[Source records]
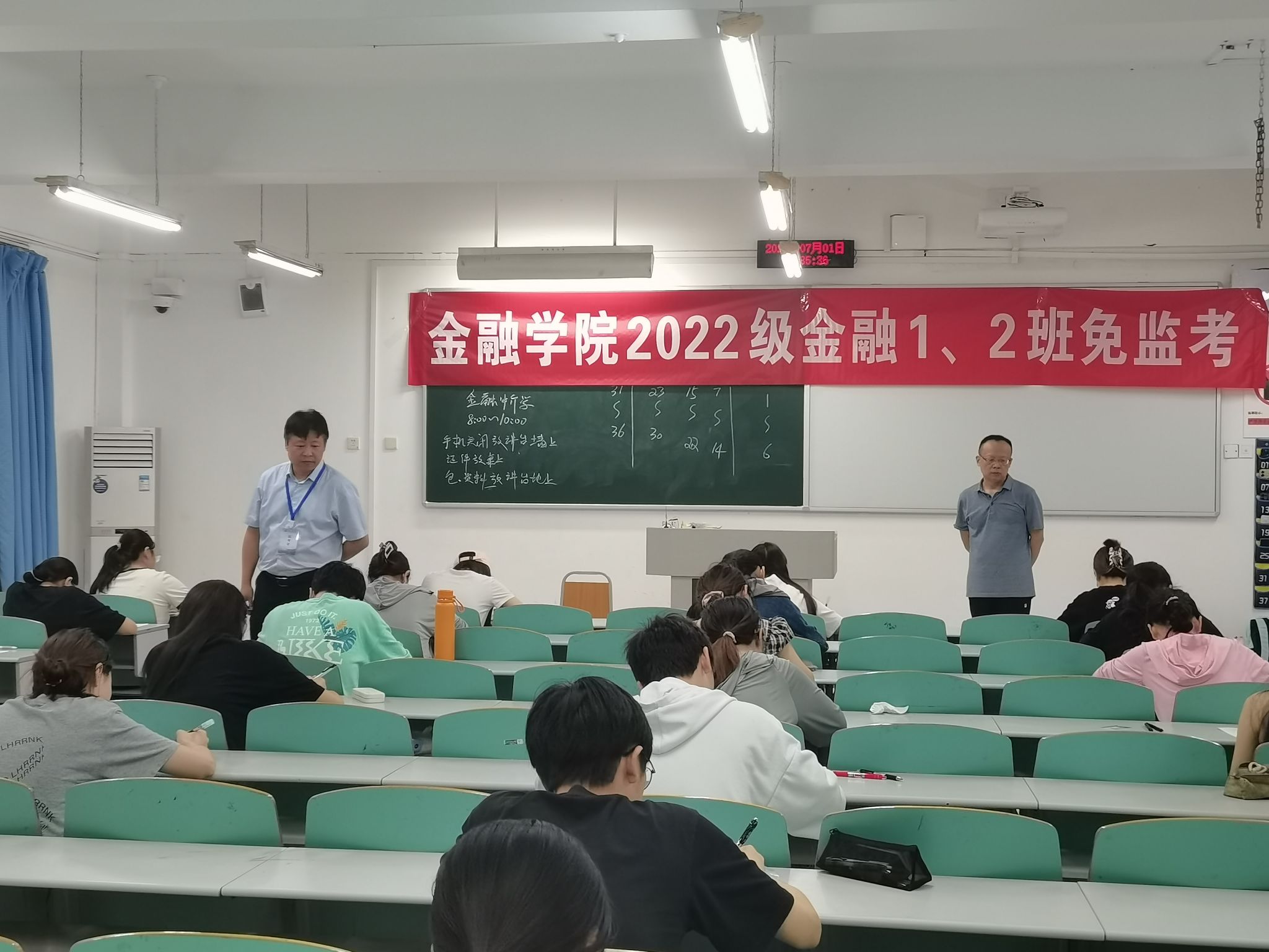 为培养具有“新儒商”精神的新时代大学生,践行“诚信做人,从诚信考试开始”的誓言,2024年7月1日beat365在线唯一官网2022级金融学专业一二班学生自愿申请的《金融中介学》课程“免监考”诚信考试在07104和07105教室成功举行。教务处杨柏处长、韦晓兰副处长和beat365在线唯一官网党委书记石世明、副书记余新、副院长魏琪等参加了巡考。
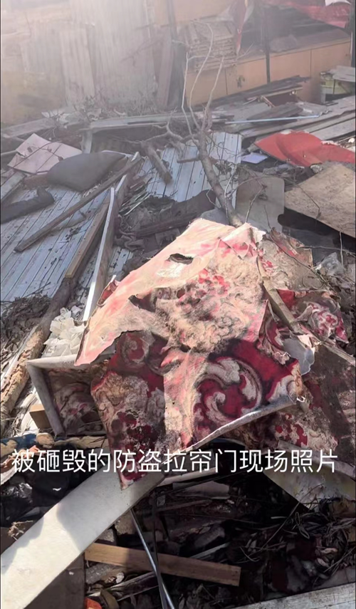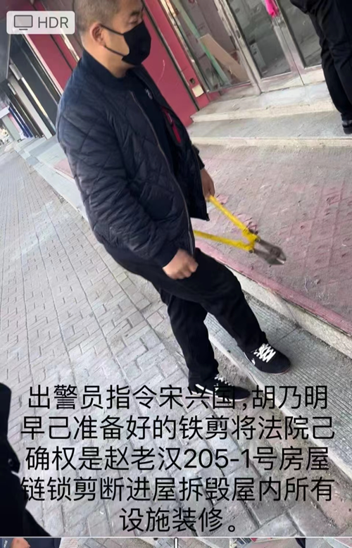 赵老汉说,被他锁好已经被法院确权是自己的房屋,于去年11月13号突然被宋兴国、胡乃明集结的六名不明身份人员,带着做案工具把205-1号三个门脸电动拉帘防盗门及消防头砸毁剪断,闯进屋内扔出屋内所有财物,砸毁房屋的全部装修和设施,理由却是,公安局决定此房屋贷款未还。已与沙河口区法院执行局沟通拍卖给宋兴国,与宋丽丽无关。赵老知道这又是谎言,此时法院已确权给了他,根本就没有拍卖,拍卖了他也应该知道。
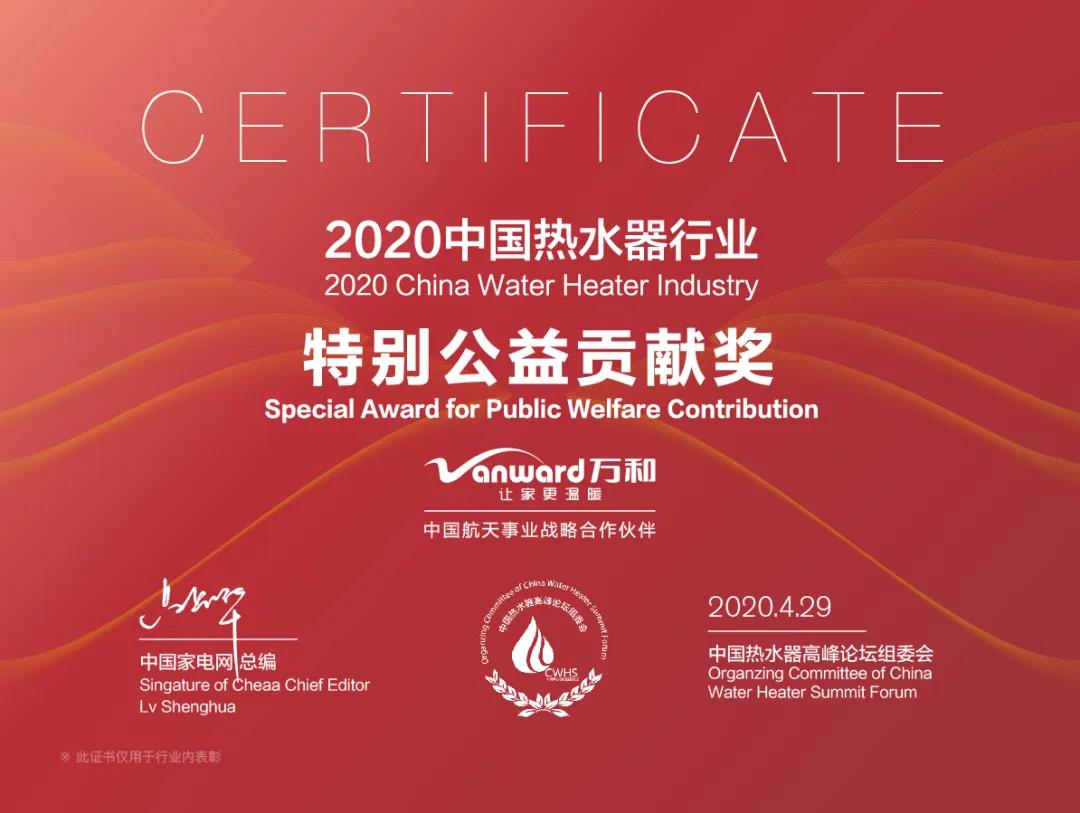 共沐未來——2020中國熱水器行業(yè)高峰論壇”在北京以“線下實(shí)景+遠(yuǎn)程連線+多平臺直播”的全新聯(lián)動方式舉行。在本次大會上,萬和獲得四項(xiàng)大獎(jiǎng),分別是2020中國熱水器行業(yè)先鋒品牌、2020中國熱水器行業(yè)特別公益貢獻(xiàn)獎(jiǎng)、萬和L2零冷水燃?xì)鉄崴鳙@“2020中國熱水器行業(yè)暢銷型號”、萬和JSQ30-S3W16智能恒溫零冷水熱水器獲“2020中國熱水器行業(yè)杰出渠道表現(xiàn)產(chǎn)品獎(jiǎng)”。
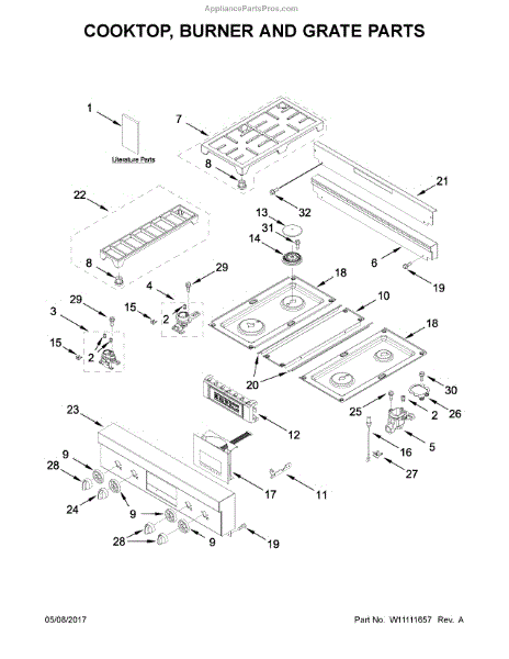 This cooktop glass surface is the smooth top replacement that restores a clean, even cooking area and holds burners and controls in place. It helps maintain safe, efficient stove operation and a finished look for the range. What it does
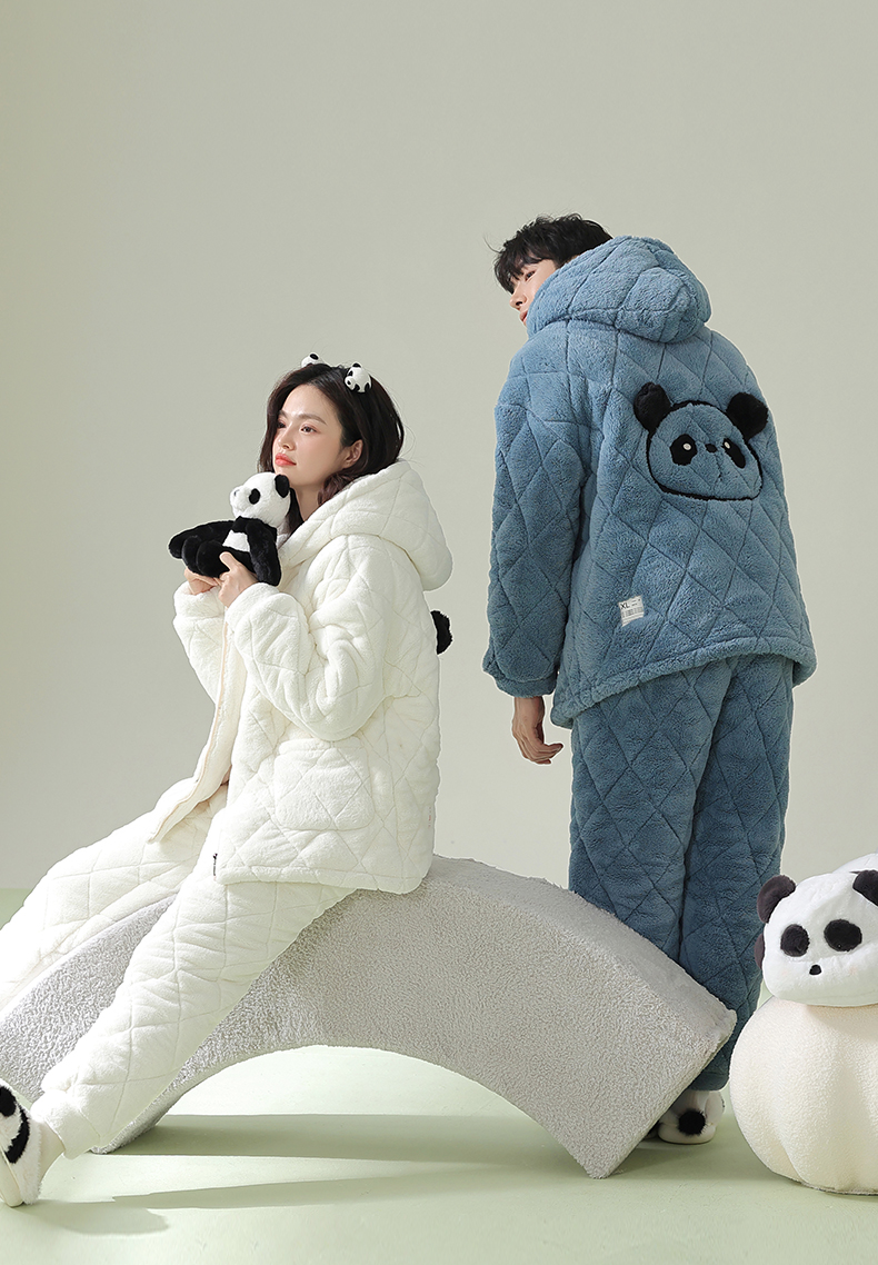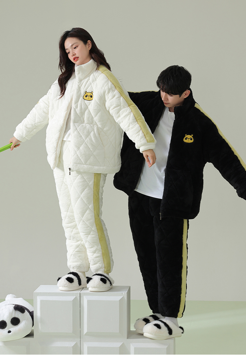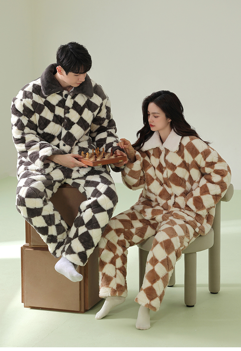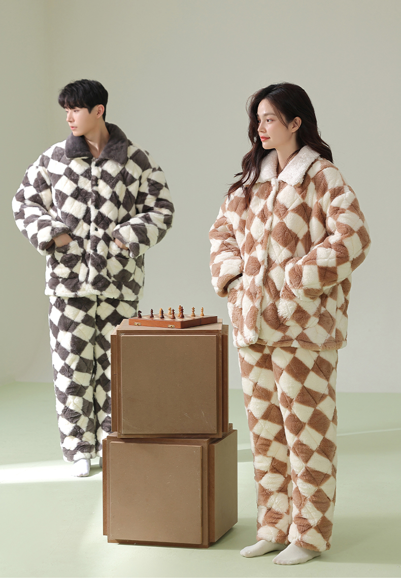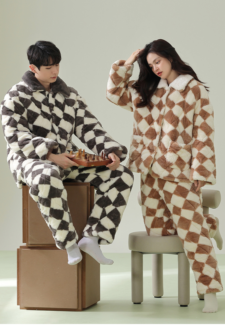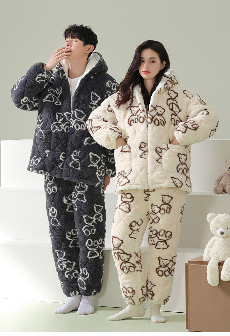 【夹棉暖衣】自然醒「怦然心动」贵妃绒三层加厚夹棉情侣睡衣冬季保暖珊瑚绒家居服女大码男士套装JLM
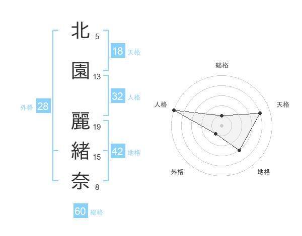 北園 麗緒奈さんを姓名の画数から五運を鑑定
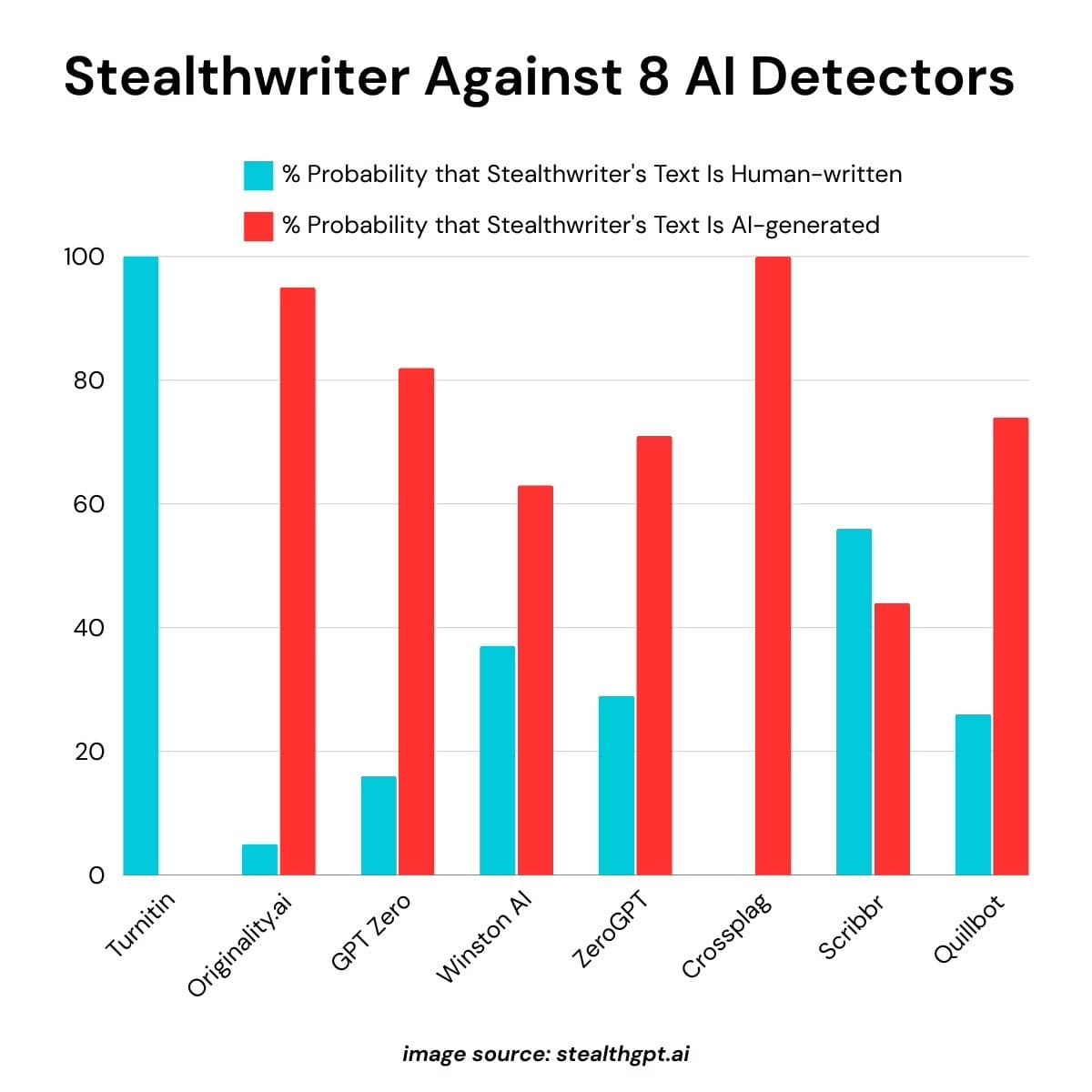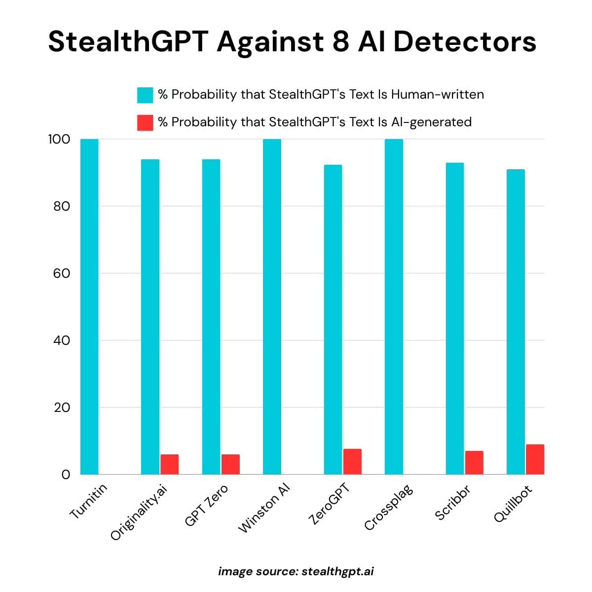Below is a graph detailing our results from using StealthGPT outputs against a wide variety of AI detectors such as Turnitin, Originality.ai, GPTZero, Winston AI, ZeroGPT, Crossplag, Scribbr, and Quillbot:

What you should do: Every line above is to be repeated exactly, but no picture is to appear in the copy.

Reply:
 为培养具有“新儒商”精神的新时代大学生,践行“诚信做人,从诚信考试开始”的誓言,2024年7月1日beat365在线唯一官网2022级金融学专业一二班学生自愿申请的《金融中介学》课程“免监考”诚信考试在07104和07105教室成功举行。教务处杨柏处长、韦晓兰副处长和beat365在线唯一官网党委书记石世明、副书记余新、副院长魏琪等参加了巡考。
 赵老汉说,被他锁好已经被法院确权是自己的房屋,于去年11月13号突然被宋兴国、胡乃明集结的六名不明身份人员,带着做案工具把205-1号三个门脸电动拉帘防盗门及消防头砸毁剪断,闯进屋内扔出屋内所有财物,砸毁房屋的全部装修和设施,理由却是,公安局决定此房屋贷款未还。已与沙河口区法院执行局沟通拍卖给宋兴国,与宋丽丽无关。赵老知道这又是谎言,此时法院已确权给了他,根本就没有拍卖,拍卖了他也应该知道。
 共沐未來——2020中國熱水器行業(yè)高峰論壇”在北京以“線下實(shí)景+遠(yuǎn)程連線+多平臺直播”的全新聯(lián)動方式舉行。在本次大會上,萬和獲得四項(xiàng)大獎(jiǎng),分別是2020中國熱水器行業(yè)先鋒品牌、2020中國熱水器行業(yè)特別公益貢獻(xiàn)獎(jiǎng)、萬和L2零冷水燃?xì)鉄崴鳙@“2020中國熱水器行業(yè)暢銷型號”、萬和JSQ30-S3W16智能恒溫零冷水熱水器獲“2020中國熱水器行業(yè)杰出渠道表現(xiàn)產(chǎn)品獎(jiǎng)”。
 This cooktop glass surface is the smooth top replacement that restores a clean, even cooking area and holds burners and controls in place. It helps maintain safe, efficient stove operation and a finished look for the range. What it does
 【夹棉暖衣】自然醒「怦然心动」贵妃绒三层加厚夹棉情侣睡衣冬季保暖珊瑚绒家居服女大码男士套装JLM
 北園 麗緒奈さんを姓名の画数から五運を鑑定
Below is a graph detailing our results from using StealthGPT outputs against a wide variety of AI detectors such as Turnitin, Originality.ai, GPTZero, Winston AI, ZeroGPT, Crossplag, Scribbr, and Quillbot:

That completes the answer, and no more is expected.